S’OCCUPER DE SANTÉ MENTALE

Lamine Foura, cofondateur du Congrès maghrébin au Québec, voudrait que l’on offre aux imams une formation sur les ressources en santé mentale dans la province pour qu’ils puissent diriger leurs croyants instables vers celles-ci. « Si mon voisin est en détresse psychologique, c’est mon devoir de l’orienter vers le bon service, dit-il. Ce devrait être la même chose dans nos institutions religieuses. »

La société a un sérieux examen de conscience à faire, estime Valérie Amiraux, professeure au Département de sociologie de l’Université de Montréal, dont les travaux portent entre autres sur le pluralisme religieux et la radicalisation. « Comment se fait-il qu’en 2014, au Québec, de jeunes garçons se trouvent dans des situations de drames et de difficultés affectives telles qu’ils en viennent à commettre un geste pareil ? Pour eux, c’est le meurtre ou le suicide. »

EN FINIR AVEC LE CHÔMAGE

© Coll. privée
© Coll. privée

« Dans un CV, un nom comme Mohammed diminue les chances d’une personne d’être embauchée », souligne Monsef Derraji, président du Congrès maghrébin au Québec. Rien pour amoindrir le sentiment d’exclusion, carburant de la violence…
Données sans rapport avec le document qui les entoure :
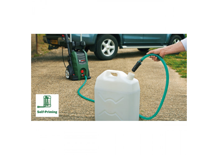 - Самовсмоктувальний, виконаний з металу, потужний насос 125 бар для ефективного очищення. Може подавати воду до +40 градусів із системи водопостачання та резервуарів.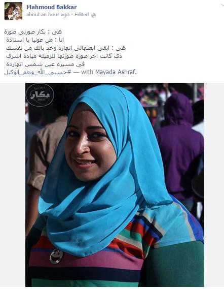 وقال محمود بكار -المصور الصحفي الذي التقط الصورة ونشرها على صفحتها الشخصية بعد مقتلها-:"هى : بكار صورنى صورة انا : من عونيا يا استاذة هى : ابقى ابعتهالى انهارة وخد بالك من نفسك دى كانت اخر صورة صورتها للزميلة ميادة اشرف فى مسيرة عين شمس انهاردة #حسبى_الله_ونعم_الوكيل ".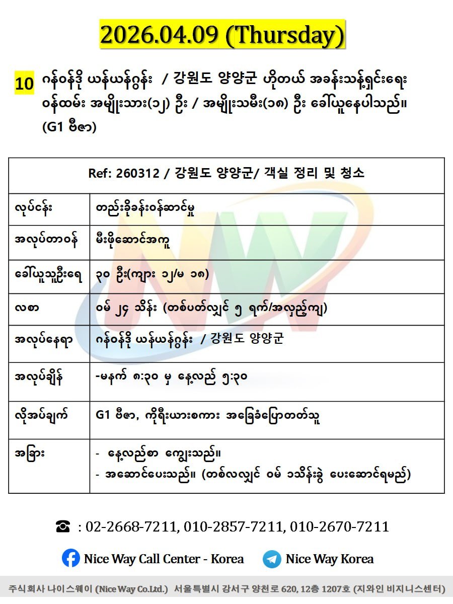 ဂန်ဝန်ဒို ယန်ယန်ဂွန်း / 강원도 양양군ဟိုတယ် အခန်းသန့်ရှင်းရေးဝန်ထမ်းလုပ်ကိုင်ရန်အမျိုးသား(၁၂) ဦး / အမျိုးသမီး(၁၈) ဦး ခေါ်ယူနေပါသည်။(G1 ဗီဇာ)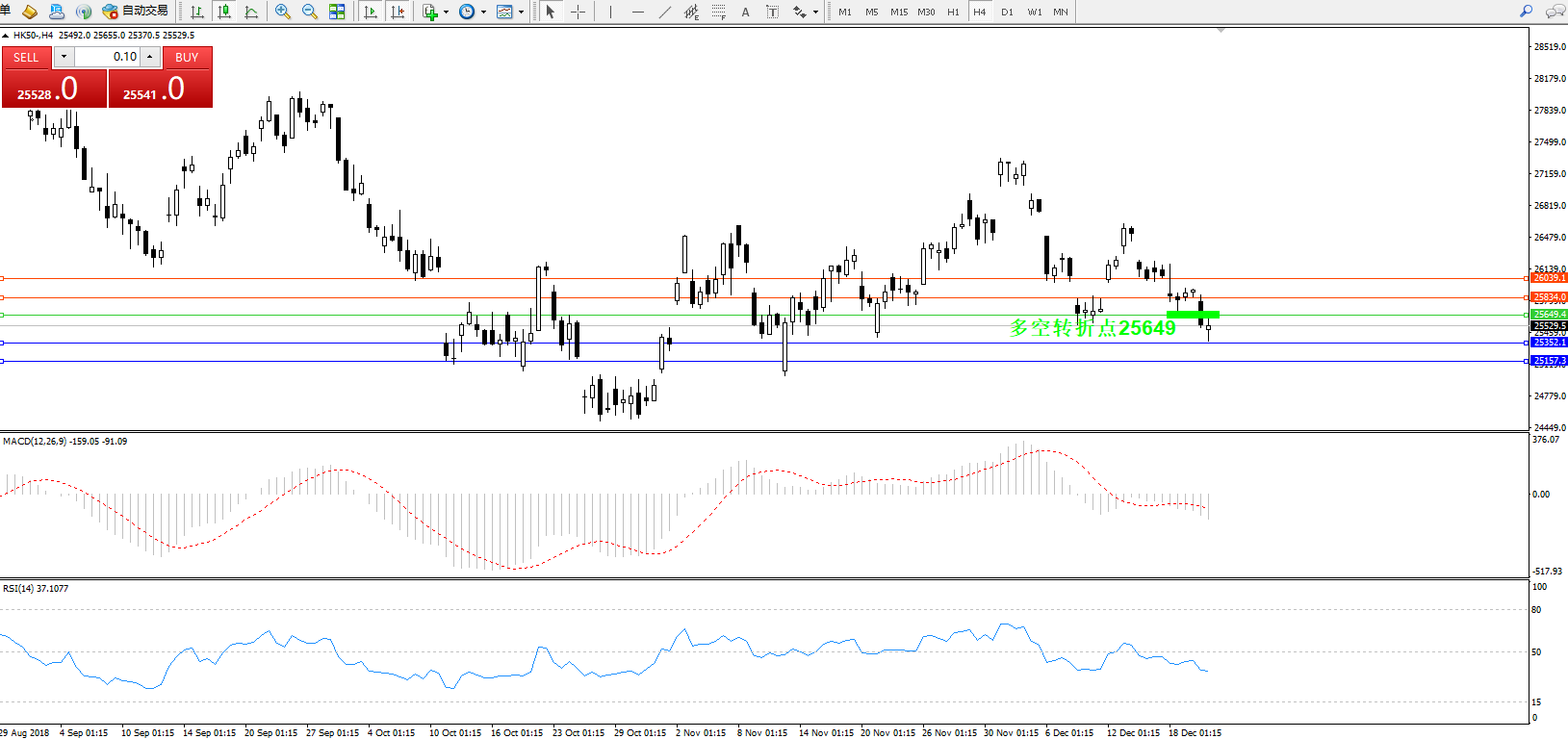 美联储坚持明年持续收紧政策的前景,并预测2019年旳升息次数较少,打击了对于该行在全球增长疲弱背景下将采取温和立场的希望,引发全球股市遭抛,恒指受其影响,直线下挫,香港恒生指数收盘跌0.9%25623.53点。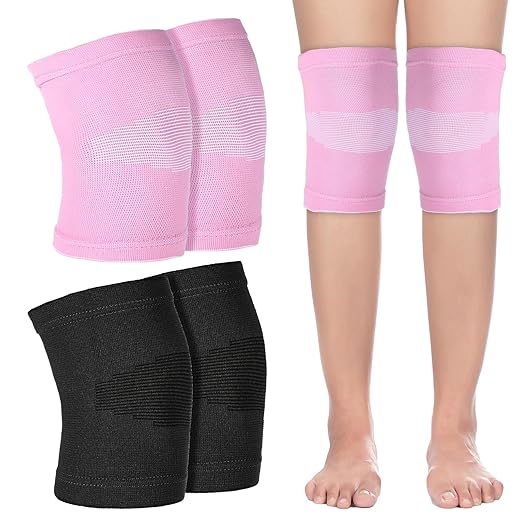 2 Pairs Kids Knee Sleeve, Knee Brace, Youth Knee Compression Sleeve Child Knee Pads Children Knee Support Boys & Girls for Volleyball Basketball Gymnastics Sports(Pink,Black)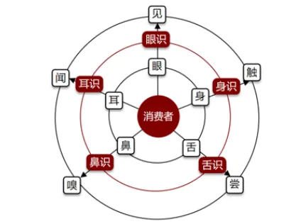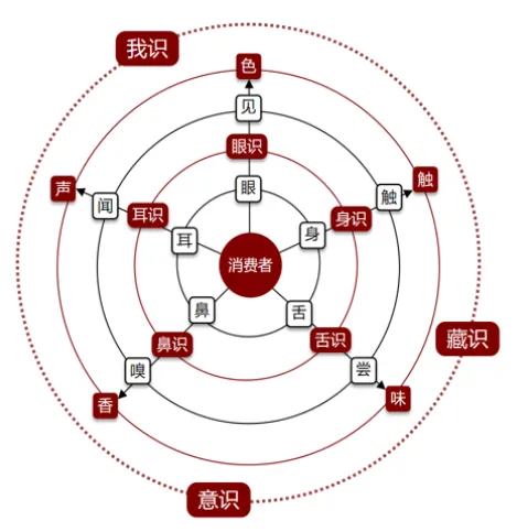 消费者通过“五感”接触了品牌的“五觉”(品牌方有关视觉、听觉、味觉、嗅觉、触觉的内容设计与品牌传播),形成“五识”,但并不仅仅停留在“五识”。而是自觉地整合来自五感的感受得到的认识,形成了对一个品牌的整体的认知与判断,并基于自身的学识、经历、经验等,从中体味到其超越于物理功能之外的其他社会性的、文化性的、象征性的含义。同时,考量该品牌与自己的关系,能够给自己带来什么、与自己的匹配度等等,形成“我识”。而“我识”的形成过程,与其“藏识”有着密切的关联。可以说,是“藏识”,决定了消费者对品牌的“意识”、“我识”的形成。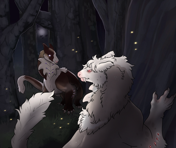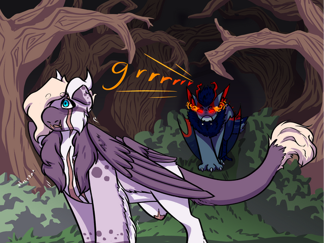 When he caught his breath, she moved to tackle him again, racing forwards with renewed speed. He learned from the first tackle and quickly raised up his front claws, catching her by the shoulders before she could make contact and shoving her off to the side roughly.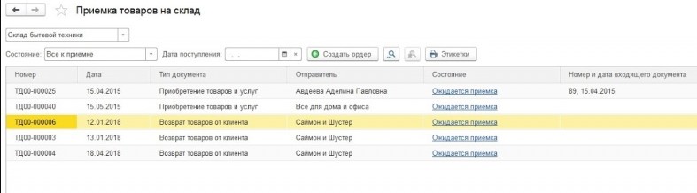 После документа в разделе «Склад и доставка» - «Склад заказов» - «Прием» будет отражена информация, по возврату которой необходимо оформить заказ на получение: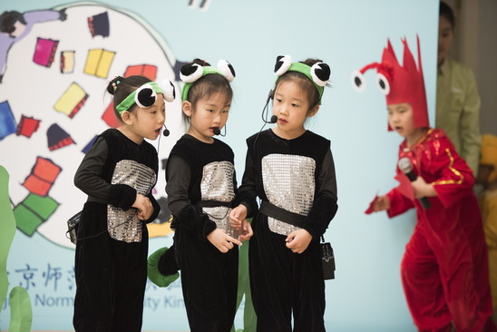 孩子们表演自己的绘本故事《新编小蝌蚪找妈妈》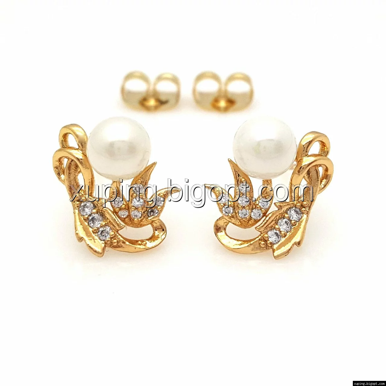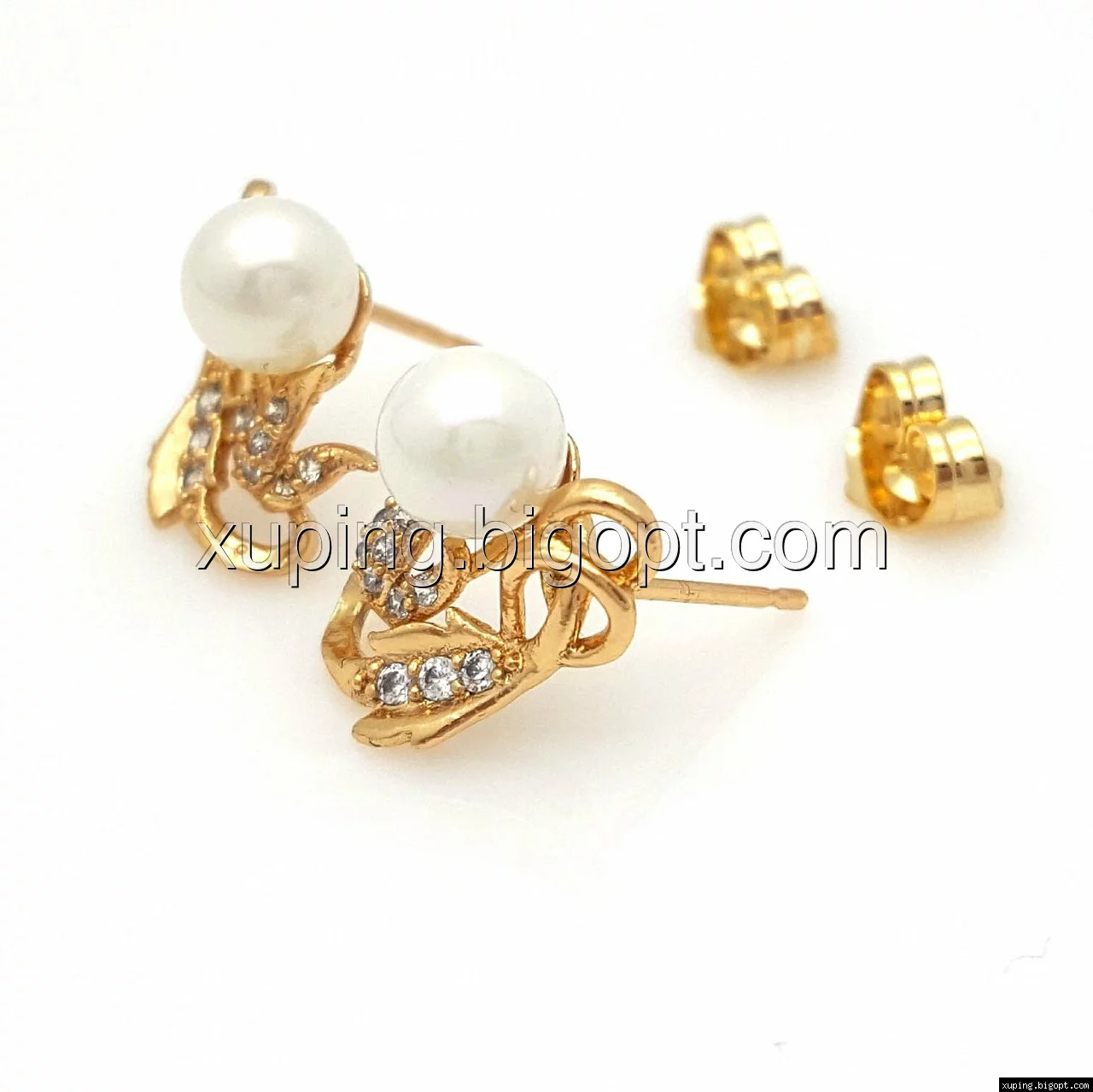 Серьги гвоздики, Веточка с Жемчугом и камнями, позолота Xuping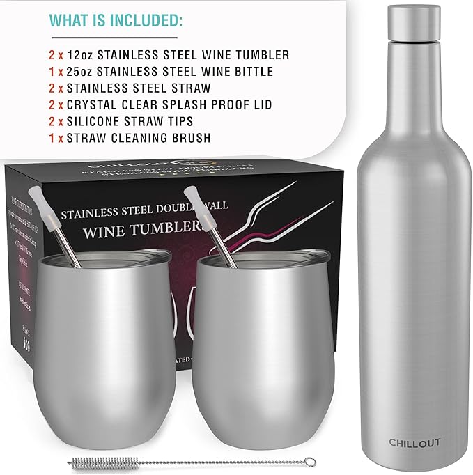 CHILLOUT LIFE 12 oz Stainless Steel Wine Tumblers 2 Pack & 1 Insulated Wine Bottle - Double Wall Vacuum Insulated Wine Glasses Cups with Lids and Straws Set Keeping Cold & Hot Gift Set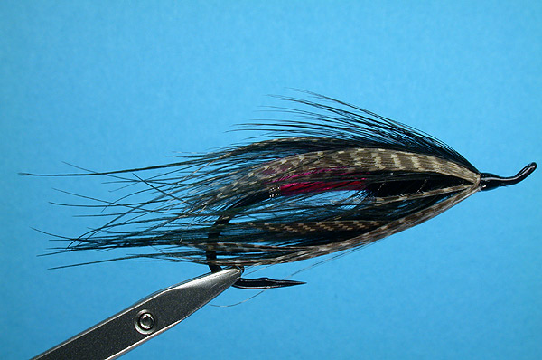 A Syd Glasso style spey fly tied in the color scheme of the very popular Red Butt Black Bear salmon fly.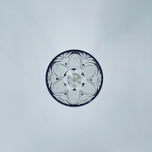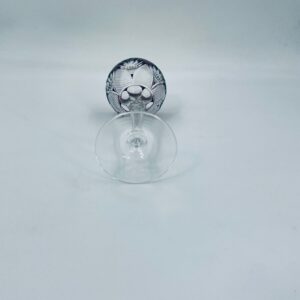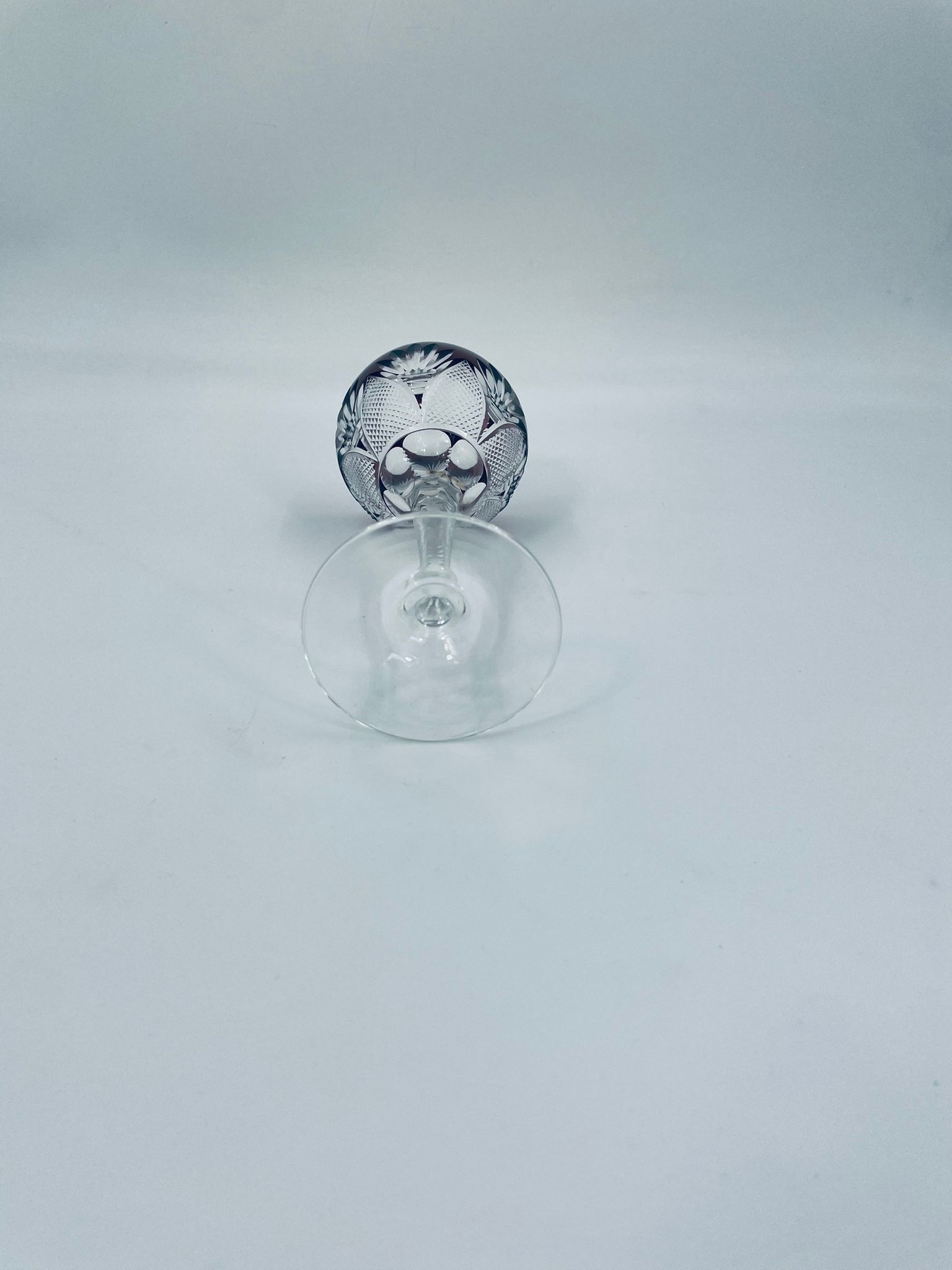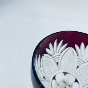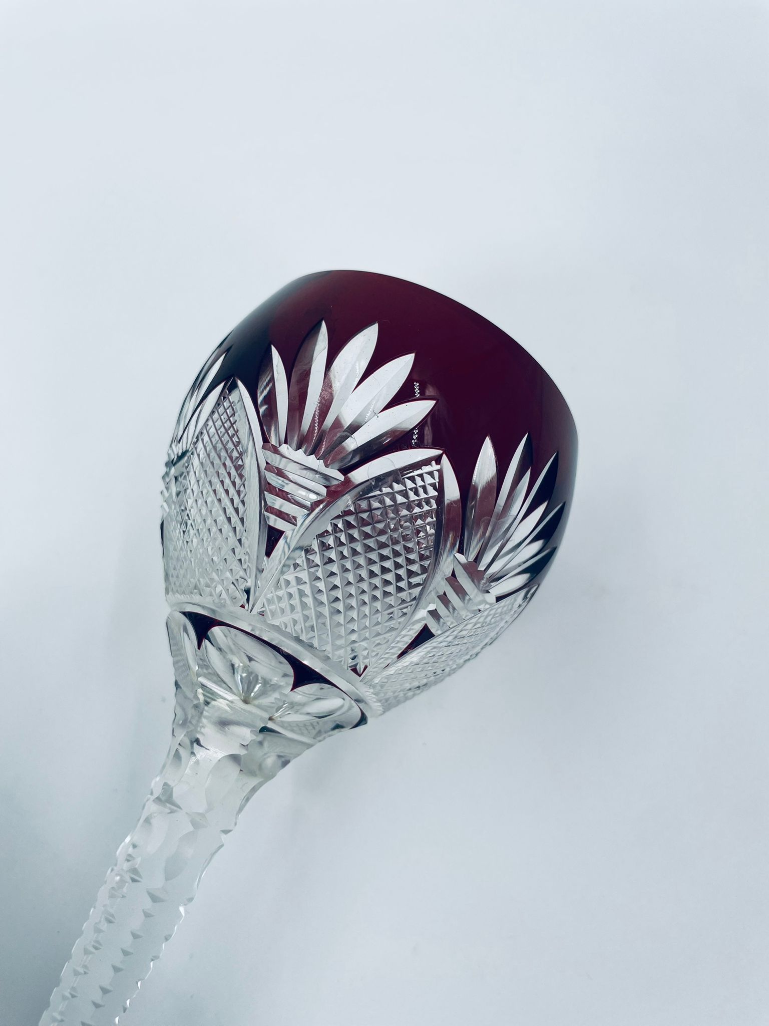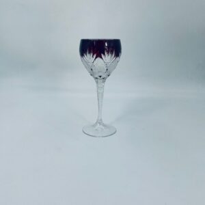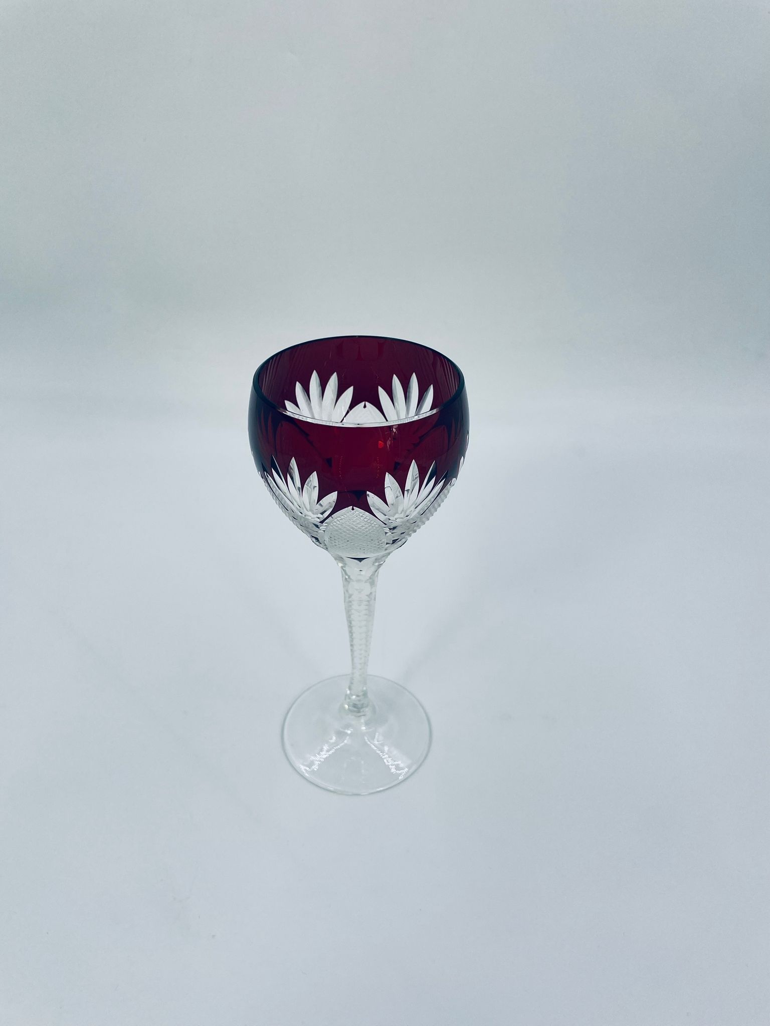 Kieliszek do wina w stylu Vintage, wykonany z wysokiej jakości szkła kryształowego. Charakteryzuje się czerwoną rubinową barwą oraz misternym, bogato szlifowanym wzorem, który nadaje mu luksusowego wyglądu. Posiada małe uszczerbienie na górnym rancie.
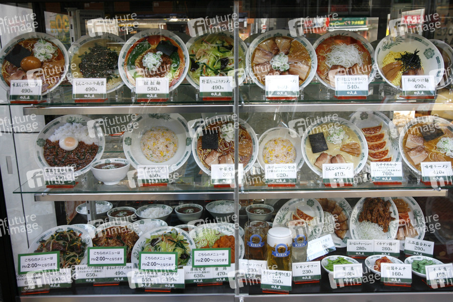 Muster von Gerichten aus Kunststoff vor Restaurant
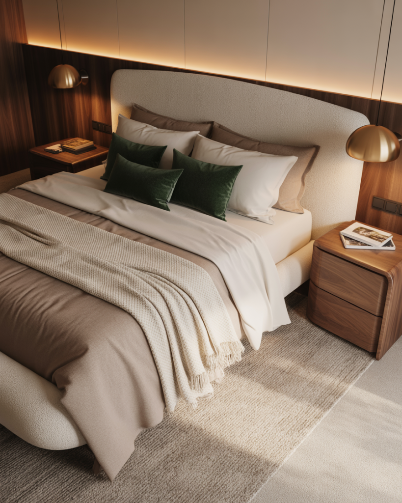 A Double, Cozy, Cosy layering approach—mixing linen, knit, cotton, and velvet—creates a tactile bedroom that feels comforting for couples year-round. I once stayed in a guest room where everything invited touch, and it was instantly relaxing. Designers at Apartment Therapy often recommend texture-layering for couples who share different temperature needs while keeping the room visually unified.

Dans le cadre d’une étude effectuée en 2012 pour la Commission des droits de la personne du Québec, Paul Eid, professeur de sociologie à l’UQAM, a démontré qu’un candidat por­tant un nom franco-canadien a 60 % plus de chances d’être convoqué en entrevue dans le grand Mont­réal qu’un candidat au CV presque identique ayant un nom à consonance africaine, arabe ou latino.

 FAIRE COMME AVEC LES SECTES

L’anthropologue française Dounia Bouzar voit dans les techniques d’endoctrinement à l’islam radical des mécanismes semblables à ceux utilisés pour recruter les membres d’une secte. Au Centre de prévention contre les dérives sectaires liées à l’islam, à Paris, elle applique donc des techniques de désendoctrinement avec les 130 familles qui ont fait appel à son équipe. Rien ne sert de raisonner les jeunes, ils sont convaincus de détenir la vérité, selon elle. Il faut plutôt les ébranler par l’évocation de souvenirs et d’émotions pour qu’ils retrouvent leur identité.

OFFRIR DE LA « DÉSINTOX » RELIGIEUSE

Photo © Aaron Harris
Photo © Aaron Harris

En Ontario, de nombreuses initiatives de déradicalisation ont vu le jour à la suite du démantèlement du groupe terroriste Toronto 18, en 2006. La communauté musulmane estimait qu’il fallait ramener dans le droit chemin les jeunes endoctrinés par le mouvement, avant qu’ils passent à l’acte.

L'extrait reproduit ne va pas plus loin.